Только Артем, как всегда, отпустил грубость:
— Рисунок, небось, содрали, чтоб завернуть селедку!..
Однажды в наш двор вкатила тележка старьевщика. На тележке лежали сломанные зонты, битые пластинки, разное тряпье. Как только тележка загромыхала во дворе, ребята помчались к ней со всякими безделушками. Еще бы! В обмен на какую-то ерунду старьевщик давал удивительные вещи: надувные шары, которые пищали «уй-ди», «уй-ди», бумажные очки с цветными пленками и бумажные мячи на резинках.
Я тоже бросился искать у нас какую-нибудь штуковину. Перерыл все закутки, но нашел только старый атлас, и за него получил надувной шар. Вовка с сестрой принесли сломанную пластмассовую линейку и тоже стали обладателями шара. Витька-Гусь отдал дырявый чемодан и получил за него шар, мячик и цветные очки.
Некоторые взрослые приносили разный хлам, клали на тележку и взамен получали несколько копеек. Гусинская притащила старые ботинки и драную сумку; старьевщик вручил ей целый рубль.
Когда тележка доверху наполнилась вещами, старьевщик покатил со двора. В это время из общежития выбежала Настя с чайной чашкой и крикнула:
— Дяденька, подождите! — и побежала за старьевщиком.
Она уже почти догнала тележку, но вдруг споткнулась и упала. А когда поднялась, от чашки остались одни осколки. Настя посмотрела на нас с Вовкой и заплакала.
Мы подбежали к ней, стали успокаивать: говорили, что наши шары будут общими, будем надувать их попеременно, но Настя нас не слушала, и плакала все сильнее. И вдруг к ней подошел старьевщик и протянул цветные очки. Настя перестала плакать и покачала головой. Но старьевщик сам надел ей очки и шепнул что-то на ухо. И Настя засмеялась, потом снова заплакала и снова засмеялась, сквозь слезы. А старьевщик сунул Насте в руки еще надувной шар, помахал нам рукой и покатил тележку со двора.
Теперь, когда я слышу разговоры — каких людей больше: хороших или плохих, почему-то сразу вспоминается этот старьевщик. И отец. Ведь он был уверен — хороших людей гораздо больше, чем плохих.

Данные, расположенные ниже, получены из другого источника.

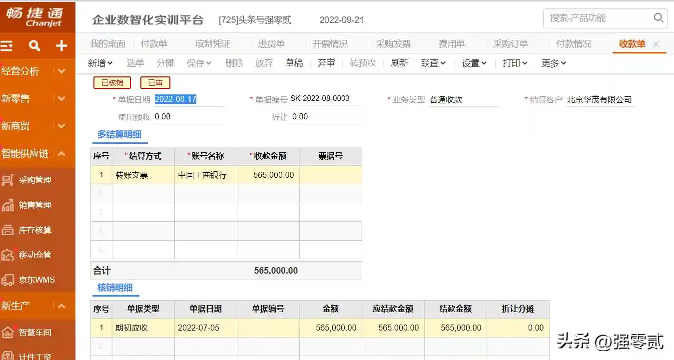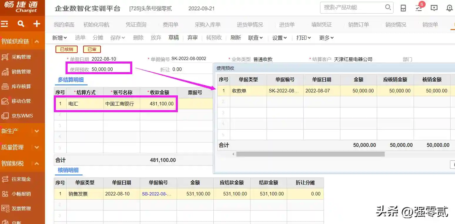 多多结算明细:结算方式(电汇)收款金额(481100.00)表头使用预收栏目:核销订金

День шел за днем, месяц за месяцем. За два года, которые отец уже был на фронте, мы получили от него всего три письма — три сложенных треугольника с печатями полевой почты. Отец писал о своих товарищах, о командире, которого все зовут «батя», хотя ему нет и тридцати лет — такой он «опытный и степенный, не шумный». Писал, что и сам «стал сильным и ловким, шире в плечах и выше ростом». Просил мать не волноваться за него и беречь себя, а мне «приказывал» — учиться только на «хорошо и отлично». В конце писем специально для меня непременно были смешные рисунки: мы приплываем на яхте в какие-то экзотические страны; на всех рисунках с нами Альма (мать не разрешала сообщать, что Альма пропала).

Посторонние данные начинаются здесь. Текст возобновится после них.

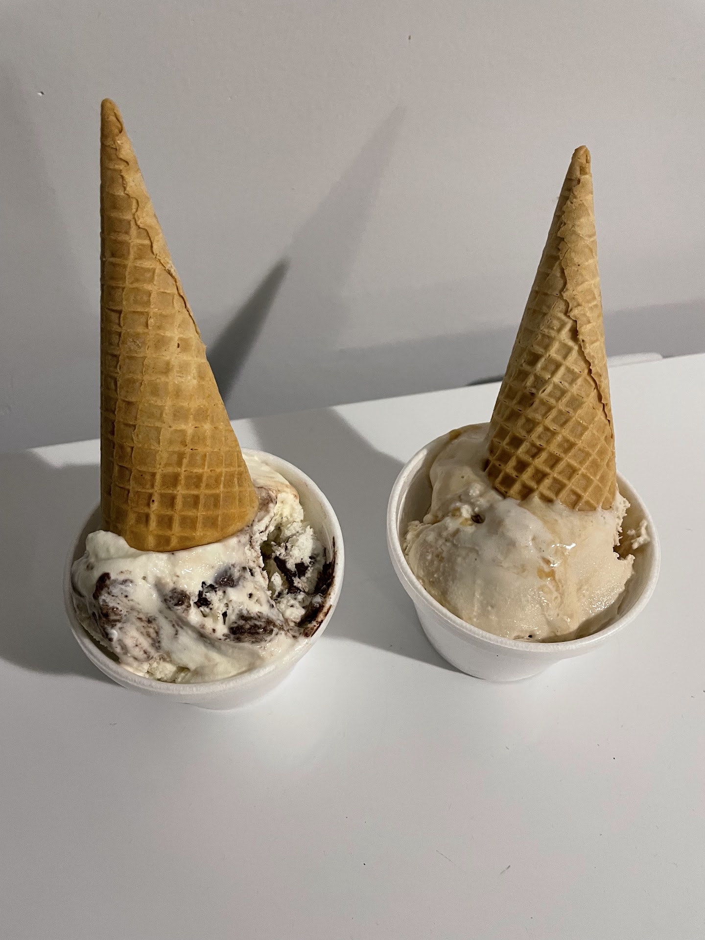 During this last visit I ordered a "small" - which is plenty for one or even two people. It's served in a cup with two scoops. You can choose different flavors (I went with caramel cookie dough peanut butter and coffee oreo) all for less than $4! The ice cream was DELICIOUS - creamy, and the flavors were definitely true to their description.

…Я просыпался от солнца; оно затопляло все окно, стекало с подоконника и плескалось лужей на полу. С подоконника мне улыбался молодой мужчина — это был портрет отца.
Когда я думал об отце, перед глазами мелькал наш дом в Москве, телескоп на чердаке, подмосковный поселок, озера; мелькали луга, проселочные дороги… Я видел нас с отцом — мы бежали с рыбалки, бежали наперегонки до куста чертополоха. Потом, чтобы отдышаться, плюхались в выжженные солнцем травы, и отец сбивчиво говорил:
— Эх, если бы у нас был автомобиль! На худой конец — мотоцикл. Мы помчали бы в разные страны…

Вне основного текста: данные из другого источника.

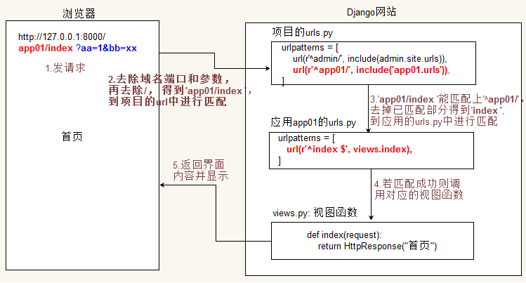 通过http://127.0.0.1:8080/app01/index地址,要调用视图函数index访问首页。则可配置如下(域名和端口号不需要配置,只需要配置 app01/index 部分):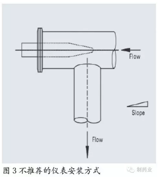 同樣,儀表在安裝的過程中也應(yīng)考慮系統(tǒng)的自排凈功能,下圖為推薦和不推薦的儀表安裝方式。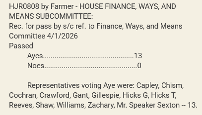 There was no discussion or further comment by members of the House Finance, Way, & Means Subcommittee, and the bill unanimously passed 13-0. HJR0808 will now proceed to the full Finance, Ways, & Means Committee for consideration.

— Мы гнали бы, как ветер, правда, пап?
— Именно, как ветер!
— А если бы у нас была яхта?
— Яхта! Тогда мы прямо сейчас махнули бы на Каспийское море!
— А мама? Маму мы возьмем с собой?
— Нет, не возьмем. В путешествиях бывают опасности, да и с женщинами всегда масса проблем.
— Но как же она останется одна? И с огородом не справится.
— О чем ты говоришь! Какой-то там огород! Это все второстепенное. Не та тонкость. Мы привезем ей тысячу овощей. И лучших в мире! — отец поднимался. — Ладно, не огорчайся! Ну, нет у нас с тобой пока ни яхты, ни автомобиля. Но мы можем совершить воображаемое путешествие, потому что умеем мечтать. Разве не так?
…Каждое воскресенье мать доставала из шкафа отцовский костюм, выбивала из него пыль, чистила щеткой и вешала снова. Потом уходила на кухню и начинала переставлять кастрюли с места на место, пыталась что-то спеть, но я замечал — она украдкой смахивает слезы.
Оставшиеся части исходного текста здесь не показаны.